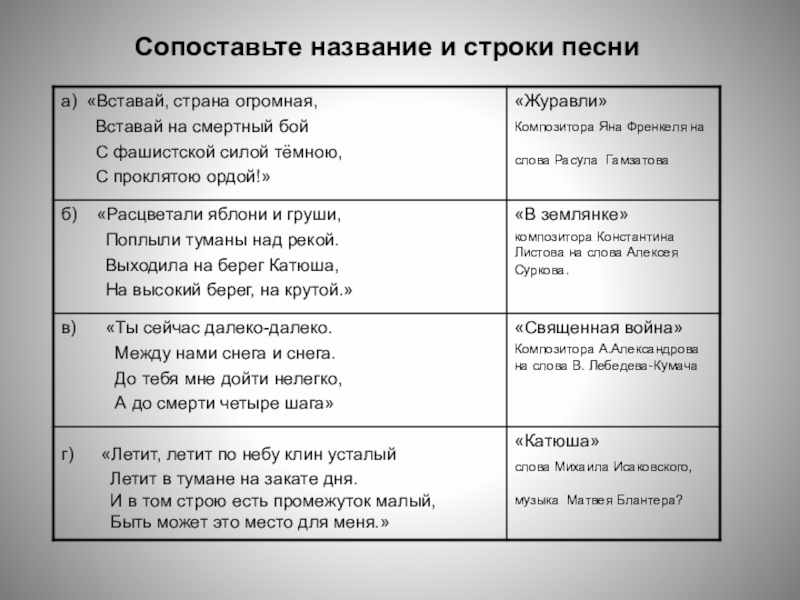 Слайд 25Сопоставьте название и строки песни
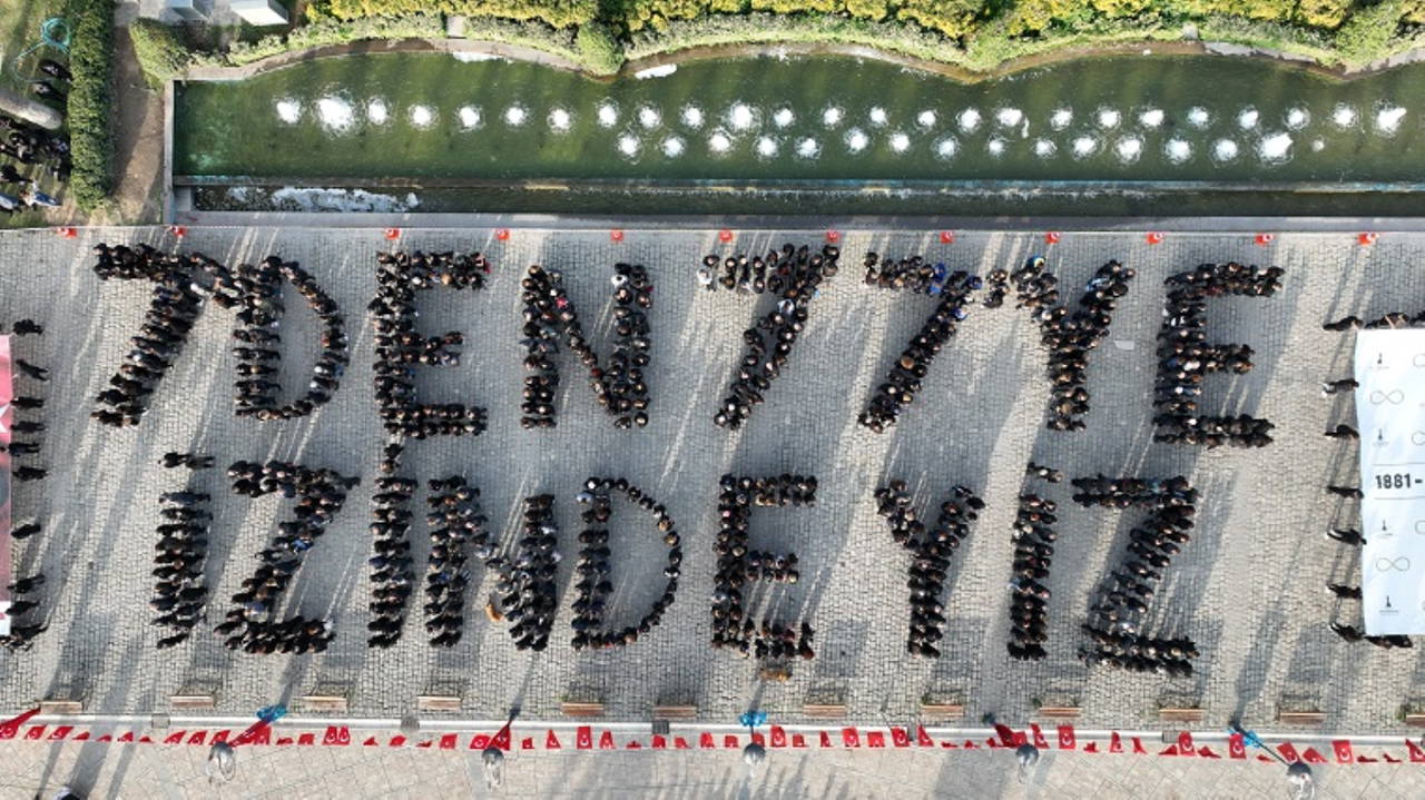 İzmir Büyükşehir Belediyesi, ulu önder Mustafa Kemal Atatürk’ün ölümünün 85’inci yıldönümünde saatler 9.05’i gösterirken belediye çalışanlarının yer aldığı etkileyici bir görsel etkinliğe imza attı. Konak Atatürk Meydanı’nda 1881 kişi “7’den 77’ye İzindeyiz” yazısı ve 9’u 5 geçe duran saat figürü oluşturuldu.
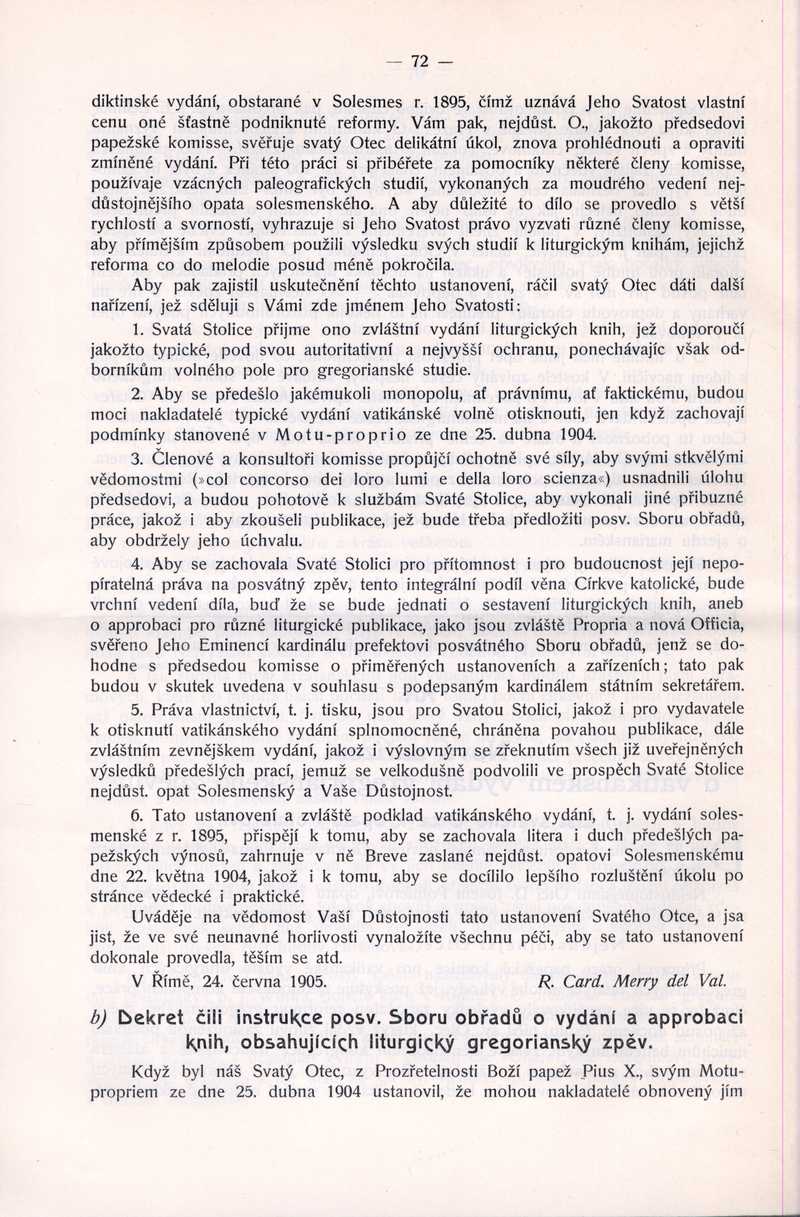 b) Dekret čili instrukce ... o vydání a approbaci knih, obsahuj. liturg. greg. zpěv Ročník: 1905; strana: 72, Přepis ke stažení ve formátu MS Word [0 kB]
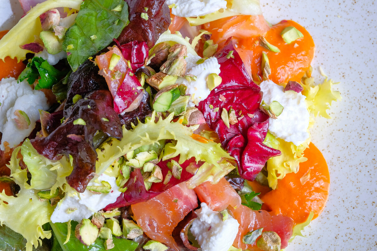 Салат с адыгейским сыром и малосольной семгой
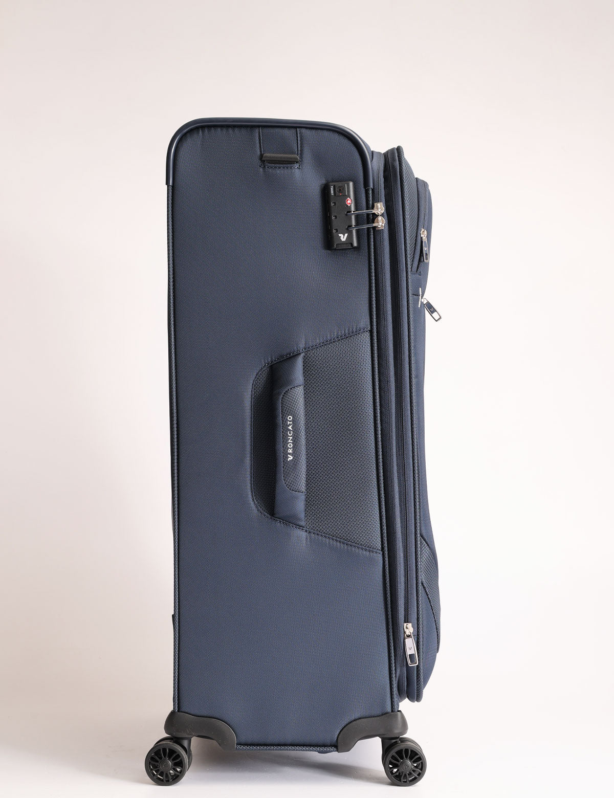 Roncato large suitcase with four wheels, model equipped with extractable handle and expandability via zip
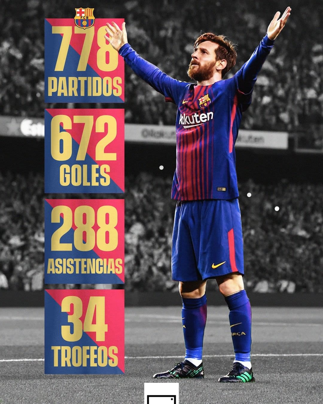 Las cifras goleadoras que supo cosechar en Barcelona nunca dejarán de sorprender al ser mencionadas. Alcanzó los 672 goles en 778 encuentros. Evidentemente es el máximo anotador de la historia culé, pero lo admirable es que le sacó 442 goles de diferencia a César Rodríguez, su más inmediato perseguidor. Leo también es el máximo goleador histórico liguero con 474. ¿El segundo? Cristiano Ronaldo con 311.
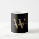 Modernes, weibliches, Minimalistisches, elegantes Schwarz-Gold Monogramm Initialname Weibliche Signatur Script Custom Personalisiert Coffee Tasse. Dieses minimalistisch schlichte Farbdesign mit Ihrem Vornamen in einer hübschen Hand geschwaschenen Schwanz-Schriftart Typografie (oder Kalligrafie), Monogramm Initialvorlage, leicht zu personalisieren. Große stilvolle feminine Hauswärmeschenke, auch zum Geburtstag, Muttertag, süße 16 Geburtstagsparty, Hochzeit, Brautparty, Babydusche, für Graduiertenfeier und Es ist für das Mädchen, das stilvolle Minimalprodukte Liebe.

*Your task*.
In the material above, one part opens with the line containing "İzmir Büyükşehir Belediyesi, ulu" and closes with the line containing "Roncato large suitcase". Write out that part exactly and skip its pictures.

*Answer to this problem*.
 İzmir Büyükşehir Belediyesi, ulu önder Mustafa Kemal Atatürk’ün ölümünün 85’inci yıldönümünde saatler 9.05’i gösterirken belediye çalışanlarının yer aldığı etkileyici bir görsel etkinliğe imza attı. Konak Atatürk Meydanı’nda 1881 kişi “7’den 77’ye İzindeyiz” yazısı ve 9’u 5 geçe duran saat figürü oluşturuldu.
 b) Dekret čili instrukce ... o vydání a approbaci knih, obsahuj. liturg. greg. zpěv Ročník: 1905; strana: 72, Přepis ke stažení ve formátu MS Word [0 kB]
 Салат с адыгейским сыром и малосольной семгой
 Roncato large suitcase with four wheels, model equipped with extractable handle and expandability via zip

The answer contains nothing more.